For the past month, I was going crazy trying to plan a divorce. I really wanted out of the marriage, and I knew he really didn't. He was very angry, and I was very fearful. 

My plan was to get full custody of two kids, get child support, and sell the house, and I get all the profit (if any). This seemed fair because I make 1/3 of his salary, but I drained my savings of over 100,000 by working parttime, by contributing half of mortgage and expenses. Hubby has rarely watched the kids more than 2 hours per day.

His problem with that is he will be lonely, he can't afford to standard child support and finance his daughter through college. I calculated the child support to be about half his salary. He also loses out on any profits from the house.

His plan is to each take one kid. He gets the 7 yr old son, I get the four year old son. We swap kids and let them be together on some days. Neither of us gives child support. I have to pay full mortgage since he will give me the house and move out as soon as he finds an apartment.

My problem with that is I will truly miss out of my 7 yr old's life. And he will miss me. I worked extremely hard to provide for him, as he has behavioral special needs. I worry if he is capable. I need the child support, since Hubby ruined my goal of being a stay-at-home mom. I supposed if I quick sell or short sell the house, I may make a profit, but I am stuck in huge debt until I sell.

But at least he won't contest the divorce and rack up huge attorney fees. So I should be happy that I can rebuild my future? I am slightly relieved that this nightmare will end. 

Should I sacrifice full custody and child support only to get an uncontested divorce? I honestly was ready to give in and stay in the marriage because the tension was killing me. At least I can relax a bit because Hubby is sad and calm instead of angry and scary.


----------



## StrongEnough (Nov 25, 2008)

I would pay any amount of money and go through a contested divorce to have my children as much as possible (they do need to see their dad). I would never pick one child or the other. You should think about the long term consequences of this on the child.


----------



## hideandseek (Sep 21, 2009)

I would speak to a child psychologist before you split up two siblings at such a young age. That to me is the most frightening thing about your plan. 

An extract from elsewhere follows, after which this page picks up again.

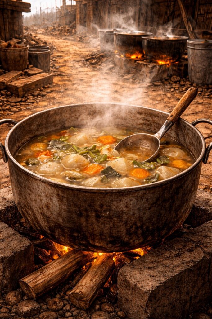 朝の炊き出しで、鍋の前に立つと、湯気が顔に当たった。

You aren't splitting up the wedding china here: you get the gravy boat and I'll take the meat platter. These are children that you are ripping from each other during what will be the most traumatic experience of their lives: the dissolution of their family, the LAST thing they need is to lose the comfort and support of their sibling, the only other person in the world that knows what they are feeling.

I can't think of a more irresponsible parenting move. I'm sorry, I wish I could be anything but horrified by such a notion.


----------



## Sensitive (Mar 29, 2009)

I just couldn't bear losing custody of one son, even only parttime. I reconsidered and will reconcile. Please follow my new thread. 

http://talkaboutmarriage.com/reconciliation-stories/8130-my-heartfelt-story-still-progress.html


----------



## Corpuswife (Apr 24, 2009)

My parents, upon their divorce, each took a child. I was 14 and my brother 6. BAD MISTAKE! SELFISH MISTAKE! I love my brother and he loved me. We never were fully bonded like the way siblings are...I realize that not all get along. That is part of the bonding process. 

I am sorry to say, when you and your spouse are dead and buried...who will they have? Hopefully each other. 

With my brother and I...we haven't seen each other in 15 years. No hard feelings...he's a nice guy. But really a distant friend. 

I lived with my mother and did not have good relationship with my father. I don't see him at all now.

I would think twice regarding separating the children.


----------